The problem | Word for word, restate the lines of the data below between those holding "Visitors experience a" and "Assistant Secretary, Office", inclusive; pictures do not belong in the copy.

Supplied data |
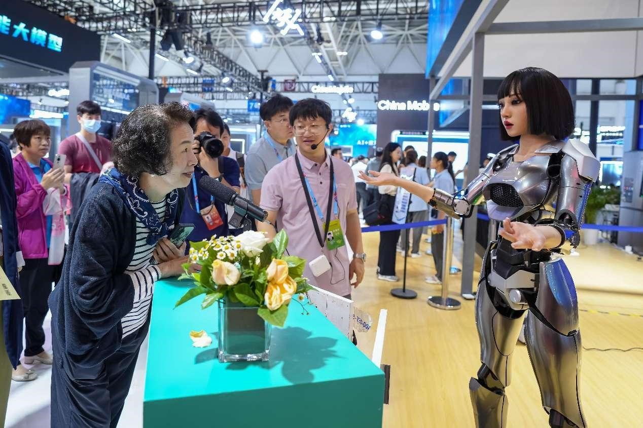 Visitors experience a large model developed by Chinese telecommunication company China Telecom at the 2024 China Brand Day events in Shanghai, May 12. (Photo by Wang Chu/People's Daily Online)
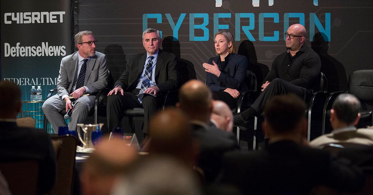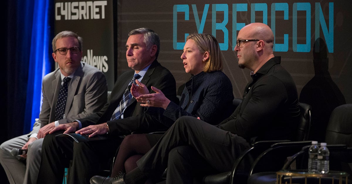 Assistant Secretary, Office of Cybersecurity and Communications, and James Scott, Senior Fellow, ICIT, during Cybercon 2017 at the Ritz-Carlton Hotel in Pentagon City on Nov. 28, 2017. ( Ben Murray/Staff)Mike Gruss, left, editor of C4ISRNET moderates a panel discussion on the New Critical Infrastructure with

---

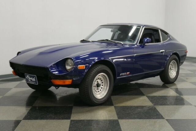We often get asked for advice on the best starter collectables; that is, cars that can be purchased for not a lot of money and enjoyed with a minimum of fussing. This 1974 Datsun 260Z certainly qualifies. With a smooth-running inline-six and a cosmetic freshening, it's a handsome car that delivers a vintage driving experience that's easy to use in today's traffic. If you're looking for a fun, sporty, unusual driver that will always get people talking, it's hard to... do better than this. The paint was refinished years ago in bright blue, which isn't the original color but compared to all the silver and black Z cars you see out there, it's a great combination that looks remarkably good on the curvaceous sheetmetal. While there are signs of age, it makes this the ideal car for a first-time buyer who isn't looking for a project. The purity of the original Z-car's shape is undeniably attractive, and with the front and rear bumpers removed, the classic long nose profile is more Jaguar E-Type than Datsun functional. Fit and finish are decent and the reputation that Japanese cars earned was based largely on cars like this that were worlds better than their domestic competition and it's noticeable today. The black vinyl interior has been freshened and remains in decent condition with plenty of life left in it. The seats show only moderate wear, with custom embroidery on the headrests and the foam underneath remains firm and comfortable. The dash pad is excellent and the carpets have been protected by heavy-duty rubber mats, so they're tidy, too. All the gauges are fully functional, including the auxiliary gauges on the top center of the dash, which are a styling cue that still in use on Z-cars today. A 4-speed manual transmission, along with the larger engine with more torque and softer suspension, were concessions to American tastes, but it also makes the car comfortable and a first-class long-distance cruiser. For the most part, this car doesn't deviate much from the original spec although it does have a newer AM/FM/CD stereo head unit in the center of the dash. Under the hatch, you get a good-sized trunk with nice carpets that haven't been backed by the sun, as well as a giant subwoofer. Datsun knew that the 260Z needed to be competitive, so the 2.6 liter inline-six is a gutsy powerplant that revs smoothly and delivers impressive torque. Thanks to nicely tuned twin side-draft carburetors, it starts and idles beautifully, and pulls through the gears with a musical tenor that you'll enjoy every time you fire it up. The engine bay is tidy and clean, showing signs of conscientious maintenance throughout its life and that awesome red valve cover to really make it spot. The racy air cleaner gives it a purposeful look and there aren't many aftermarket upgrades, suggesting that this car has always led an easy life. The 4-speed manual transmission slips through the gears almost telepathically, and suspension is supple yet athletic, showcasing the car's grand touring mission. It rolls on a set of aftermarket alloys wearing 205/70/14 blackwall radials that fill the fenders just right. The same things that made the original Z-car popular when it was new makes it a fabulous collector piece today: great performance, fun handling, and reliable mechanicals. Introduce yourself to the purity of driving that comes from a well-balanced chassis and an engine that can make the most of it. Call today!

---

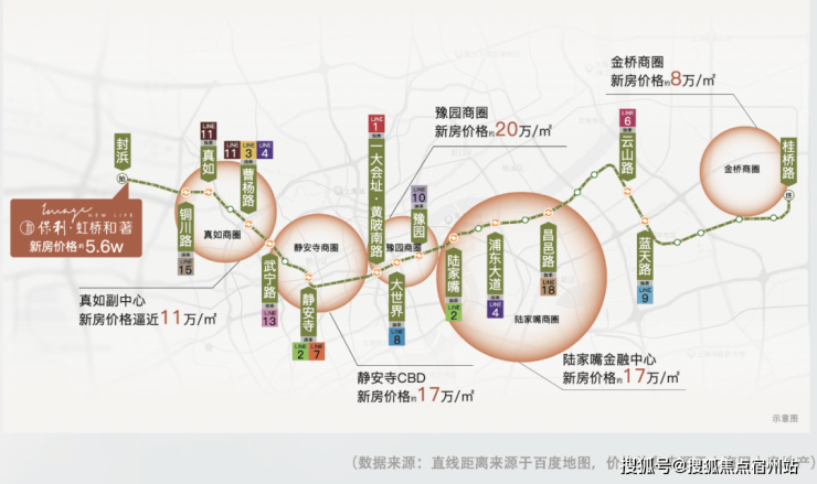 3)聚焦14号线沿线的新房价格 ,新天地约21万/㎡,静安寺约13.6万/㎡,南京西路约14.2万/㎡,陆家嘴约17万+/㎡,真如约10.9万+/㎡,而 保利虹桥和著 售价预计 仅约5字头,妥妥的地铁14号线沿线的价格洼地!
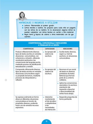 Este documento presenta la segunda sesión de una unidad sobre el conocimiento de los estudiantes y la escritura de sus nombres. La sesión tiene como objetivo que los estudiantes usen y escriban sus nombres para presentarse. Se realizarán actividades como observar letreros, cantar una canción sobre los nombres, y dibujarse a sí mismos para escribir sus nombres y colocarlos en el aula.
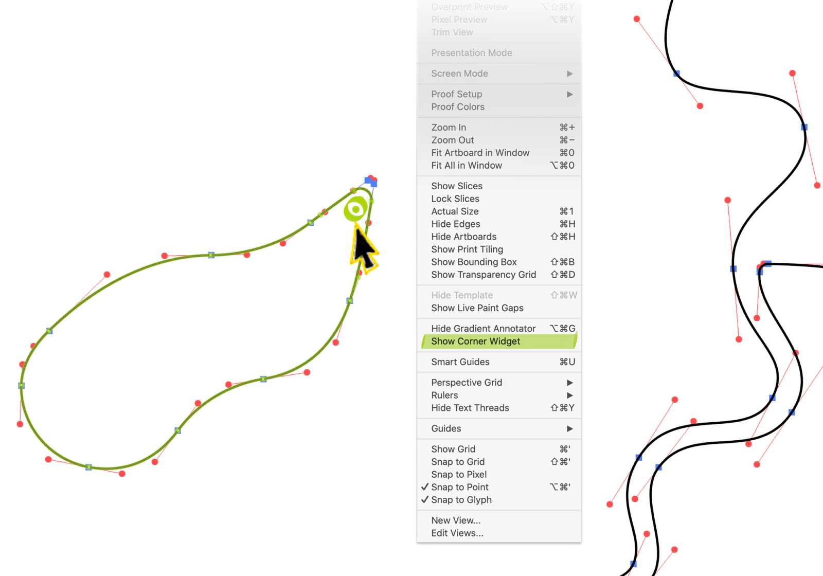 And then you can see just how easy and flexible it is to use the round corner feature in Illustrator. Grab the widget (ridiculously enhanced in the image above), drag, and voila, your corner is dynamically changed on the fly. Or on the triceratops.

Worked solution |
 Visitors experience a large model developed by Chinese telecommunication company China Telecom at the 2024 China Brand Day events in Shanghai, May 12. (Photo by Wang Chu/People's Daily Online)
 Assistant Secretary, Office of Cybersecurity and Communications, and James Scott, Senior Fellow, ICIT, during Cybercon 2017 at the Ritz-Carlton Hotel in Pentagon City on Nov. 28, 2017. ( Ben Murray/Staff)Mike Gruss, left, editor of C4ISRNET moderates a panel discussion on the New Critical Infrastructure with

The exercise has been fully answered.